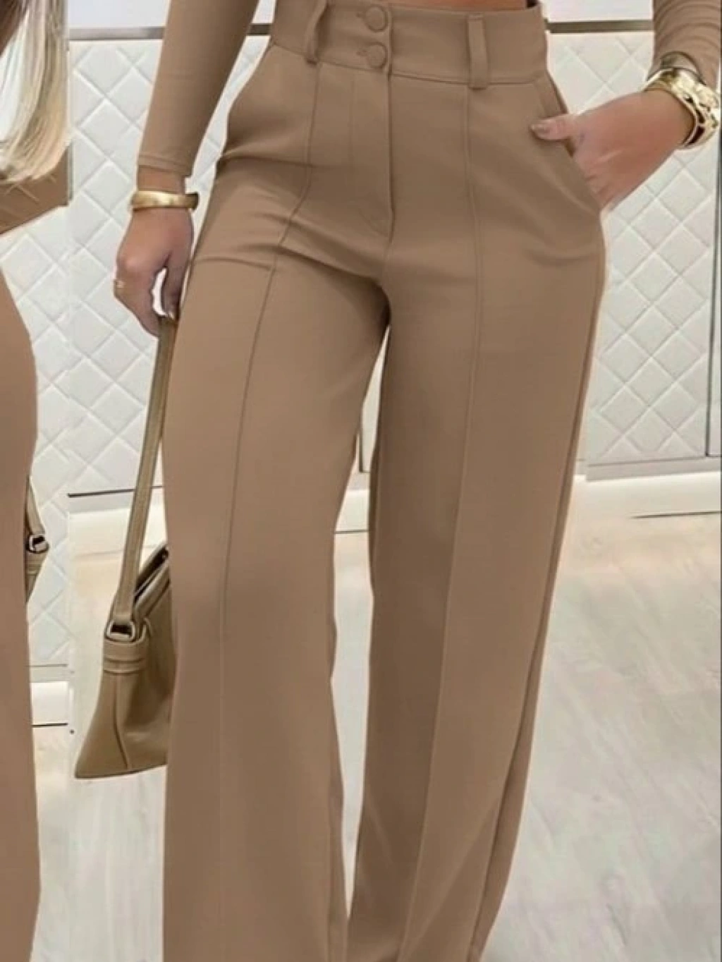 Kadın Uzun Kollu Göğüs Dekolteli Ithal Krep Bluz Ve Pantolon Ikili Takım
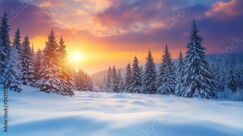 Fototapeta premium serene winter landscape showcasing a snow-covered pine forest with a breathtaking sunset sky, perfect for christmas and new year greetings, radiating peacefulness
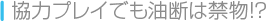 協力プレイでは同じステージを2人同時にプレイできるため、効率よくステージクリアをめざすことができます。ただし、お互いのタマゴンが吐く炎に当たってしまうと、一定時間動くことができなくなってしまうので注意してください。 |
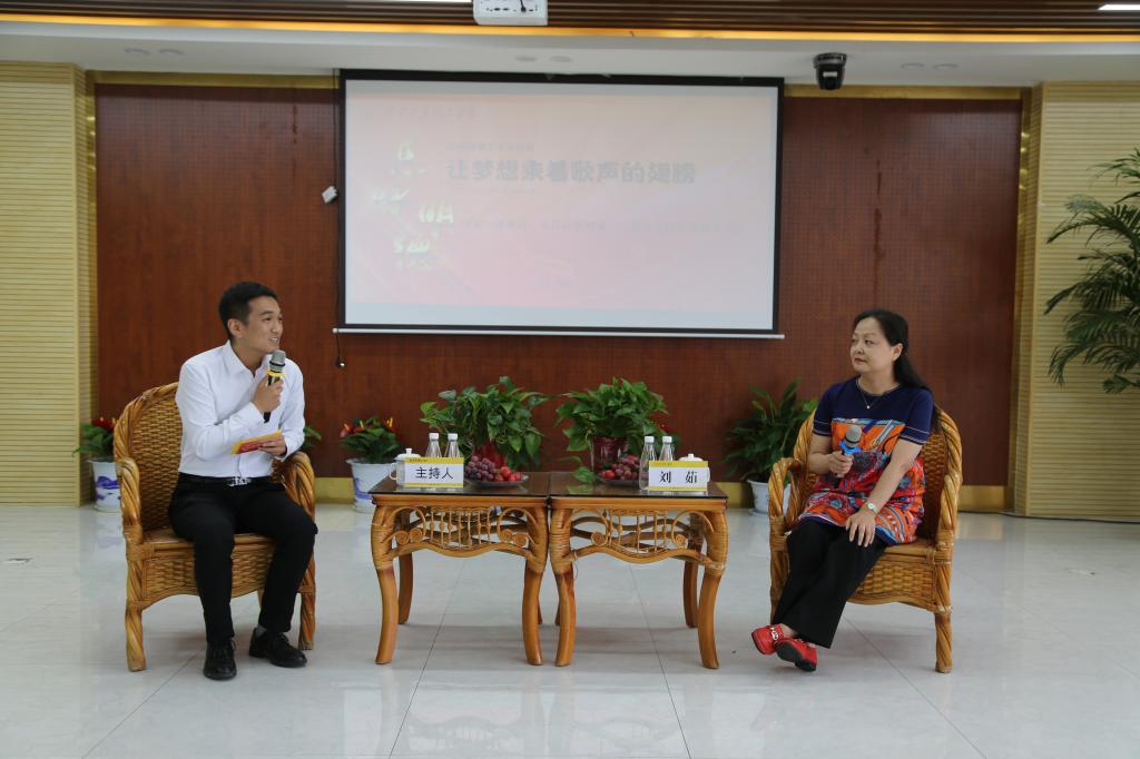 在父亲节即将到来之际,刘老师以其民、美声贯通的音色,极具感染力的情感激情演唱了《绒花 》、《 芦花 》并与学校师生合作了《父亲》、《烛光里的妈妈》等歌曲为全天下的父母送上了祝福,台下的老师、同学们报以热烈的掌声。
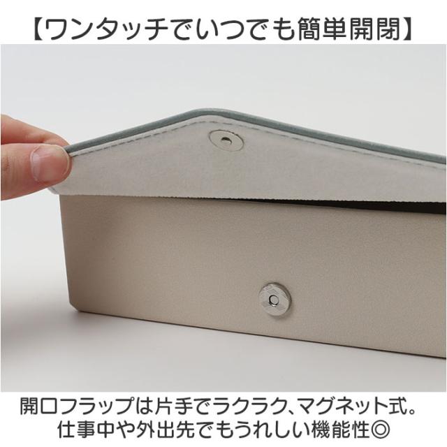 | 素材 | 【メガネケース】合成皮革、紙、PVC [内側]レーヨン100%(起毛加工) 【クロス】ポリエステル100% |
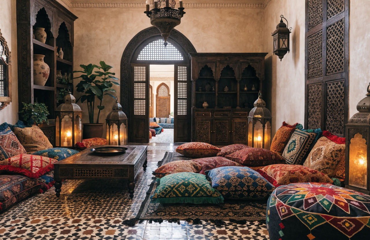 Start with a traditional Beni Ourain rug or a colorful Berber rug as your foundation. These handwoven beauties add texture and warmth while grounding your space. Then pile on embroidered pillows, silk cushions, and woven poufs until your seating area looks like the coziest spot on earth.
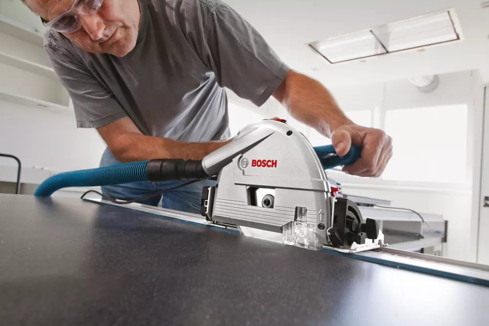 Adjustable speed, powerful motor and constant electronics for cutting different materials such as wood, panel materials, aluminium and acrylic glass. Allows for fine adjustment of both the cutting angle and depth, making it ideal for precision work. Dust extractor makes it suitable for inside work. A steel and aluminium base and guard mean the tool is durable yet lightweight and replaceable carbon brushes make it easy to maintain. The 1400W motor features soft-start technology, which prevents voltage spikes during start-up and as a result increases the life of the tool.
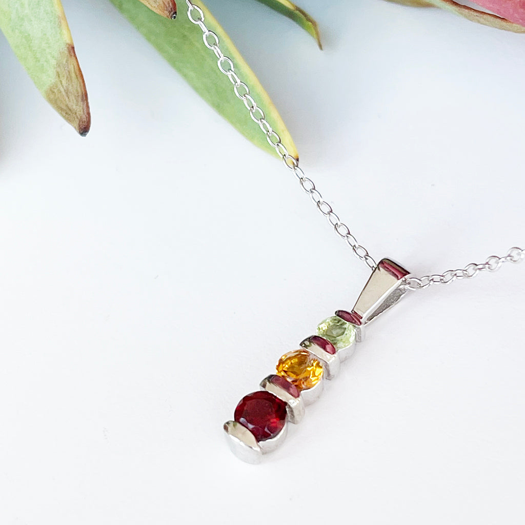 Silver 3 Bar Pendant set with Garnet, Citrine, Peridot
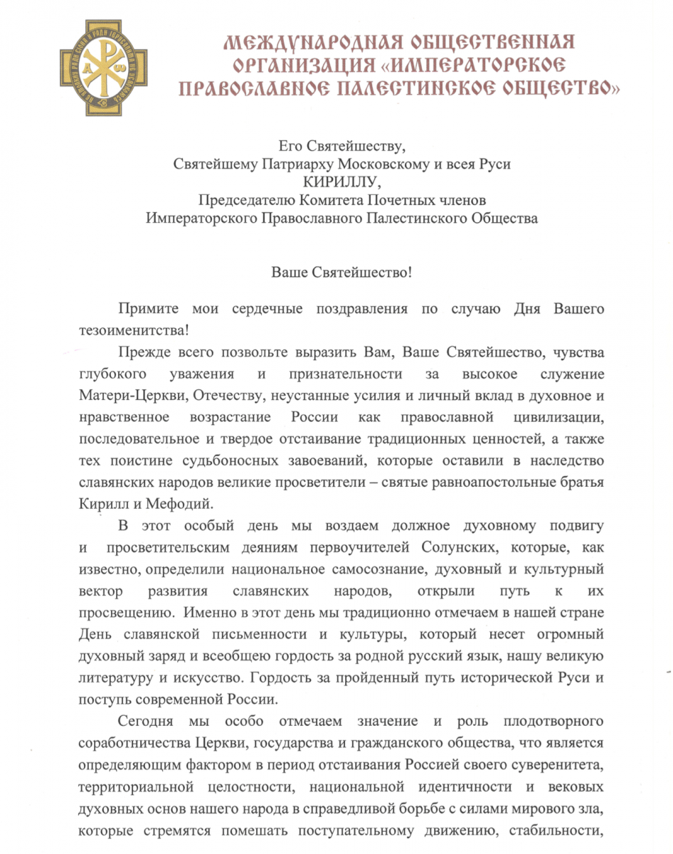 24 мая Святейший Патриарх Московский и всея Руси Кирилл, Председатель Комитета Почётных членов ИППО, отмечает день тезоименитства.
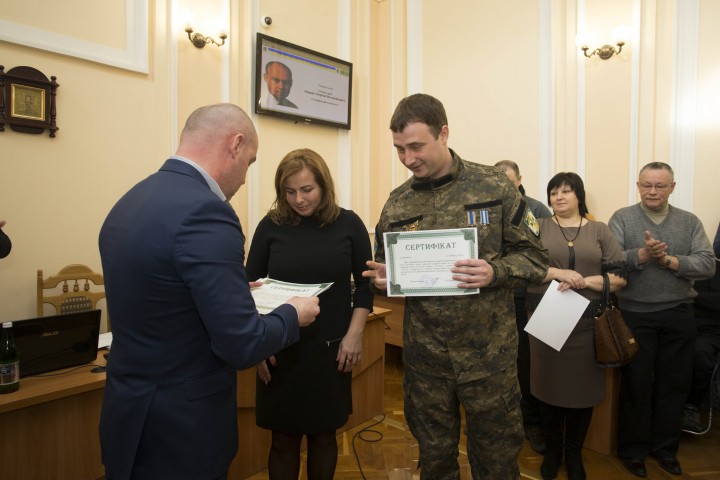 Так міський голова Сергій Надал вручив сертифікати на квартири дванадцятьом учасникам АТО, які збудує будівельна компанія «Креатор Буд». Визначали прізвища тих, хто отримав квартири, представники спеціально створеної комісії, у яку входять самі учасники АТО та громадські організації.
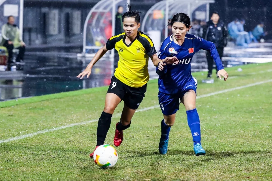 11月1日晚,2018亚洲大体联足球亚洲杯女子组小组赛首日,东华大学队(中国)对阵亚洲学者大学队(泰国)的比赛在泉州理工学院足球场进行。
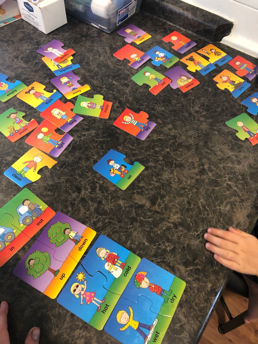 I divided the two opposite cards up, because Sam cannot read. This makes this game more manageable for a five year old.
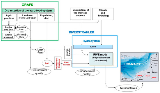 Three types of models were developed and then chained during this project: (i) a regional agro-food system model linking food production in the watershed to nutrient losses to surface water; (ii) a river network model able to provide nutrient flows at the outlets of the main rivers and streams; and (iii) a model of the coastal marine ecosystem, fed by these riverine flows of nutrients and making it possible to simulate the temporal and spatial distribution of microphytoplankton. Until now, the model chain was essentially applied to the single drainage network of the Seine River [32,34,38], but here the river model was extended to all the coastal rivers of Normandy and Hauts-de-France (Figure 1).
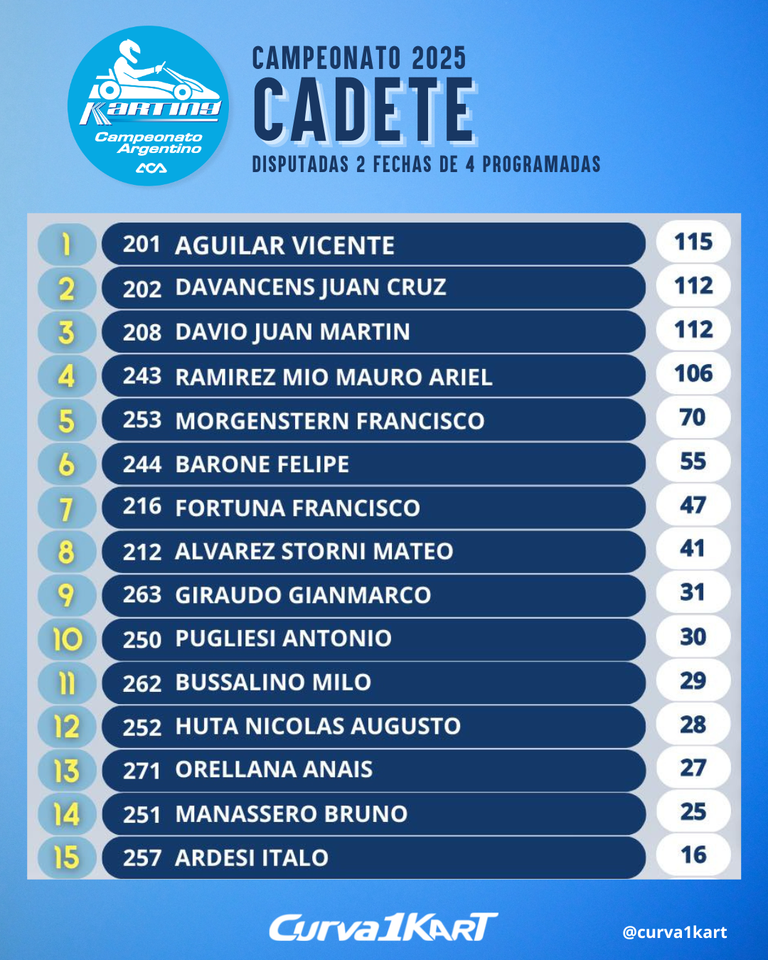 El neuquino VICENTE AGUILAR (Cronos Racing Team) es único puntero en Cadete con 115 unidades y lo siguen “empatados” a 3 puntos los bonaerenses JUAN CRUZ DAVANCENS y JUAN MARTÍN DAVIO.
┄┄┄┄┄┄┄┄┄┄
◆ **Prompt**
Could you repeat exactly the lines from the first one of the records above through the line containing "Start with a", leaving out any pictures?

◆ **Response**
 Kadın Uzun Kollu Göğüs Dekolteli Ithal Krep Bluz Ve Pantolon Ikili Takım
 Fototapeta premium serene winter landscape showcasing a snow-covered pine forest with a breathtaking sunset sky, perfect for christmas and new year greetings, radiating peacefulness
 協力プレイでは同じステージを2人同時にプレイできるため、効率よくステージクリアをめざすことができます。ただし、お互いのタマゴンが吐く炎に当たってしまうと、一定時間動くことができなくなってしまうので注意してください。 |
 在父亲节即将到来之际,刘老师以其民、美声贯通的音色,极具感染力的情感激情演唱了《绒花 》、《 芦花 》并与学校师生合作了《父亲》、《烛光里的妈妈》等歌曲为全天下的父母送上了祝福,台下的老师、同学们报以热烈的掌声。
 | 素材 | 【メガネケース】合成皮革、紙、PVC [内側]レーヨン100%(起毛加工) 【クロス】ポリエステル100% |
 Start with a traditional Beni Ourain rug or a colorful Berber rug as your foundation. These handwoven beauties add texture and warmth while grounding your space. Then pile on embroidered pillows, silk cushions, and woven poufs until your seating area looks like the coziest spot on earth.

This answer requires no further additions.